Checking the Replication Factor of HDFS

Last thing we want to check is to make sure that the Datanodes are indeed replicating. There are a few ways to do this. The following commands create a simple file, and then validate the replication factor. In both cases, the commands return 3 which is the default replication factor for HDFS.

root@srvr:~/cormac-hadoop# kubectl exec -n default -it namenode-0 \
-- /opt/hadoop/bin/hdfs dfs -touchz /out.txt

root@srvr:~/cormac-hadoop# kubectl exec -n default -it namenode-0 \
-- /opt/hadoop/bin/hdfs dfs -stat %r /out.txt
3

root@srvr:~/cormac-hadoop# kubectl exec -n default -it namenode-0 \
-- /opt/hadoop/bin/hdfs dfs -ls /out.txt
-rw-r--r--   3 hdfs admin          0 2018-12-05 15:55 /out.txt

Conclusion

That looks to have scaled out just fine.

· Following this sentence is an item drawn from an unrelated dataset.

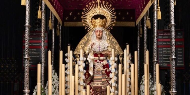 La dolorosa del Viernes Santo recorrió los alrededores del Monasterio en un rosario histórico, portada por cofrades sevillanos y catalanes, y presidió una emotiva misa de acción de gracias oficiada por el arzobispo de Sevilla, José Ángel Saiz Meneses, a la que también asistió el Presidente de la Junta de Andalucía Juanma Moreno; en un encuentro único junto a La Moreneta.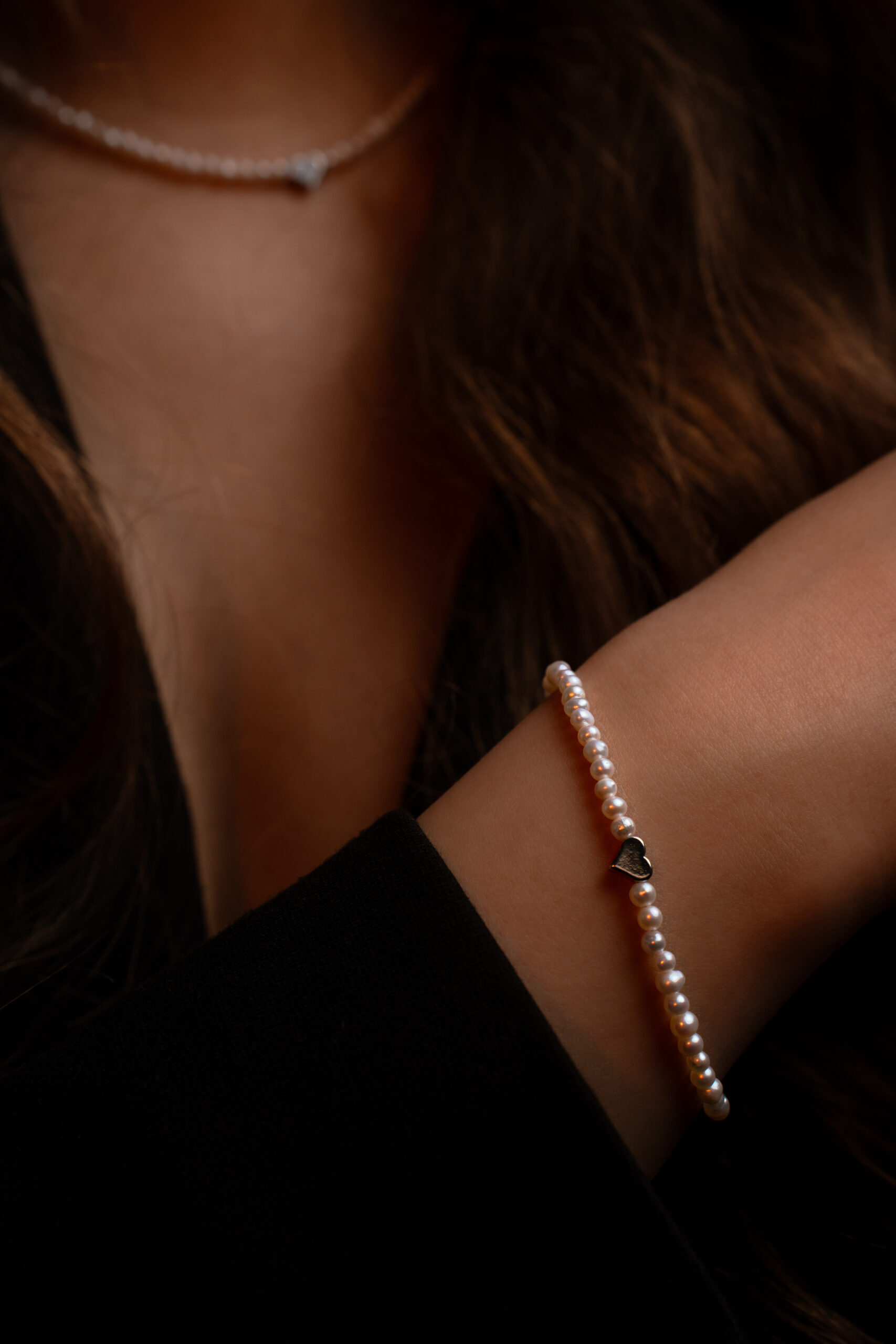 Realizată din perle naturale de cultură, fiecare brățară poartă o poveste discretă și elegantă. Înșirate manual pe un șnur fin și rezistent, perlele așază pe încheietură un strop de lumină, transformând fiecare brățară într-o piesă unică, la fel ca femeia care o va purta.

Now there are a few things to keep in mind when dealing with StatefulSets, as per the guidance found here. Deleting and/or scaling a StatefulSet down will not delete the volumes associated with the StatefulSet. This is done to ensure data safety, which is generally more valuable than an automatic purge of all related StatefulSet resources.

With that in mind, I hope this has added some clarity to how we can provide different vSAN policies to different parts of a cloud native application, providing additional protection when the application needs it, but not consuming any additional HCI (hyperconverged infrastructure) resources when the application is able to protect itself through built-in mechanisms.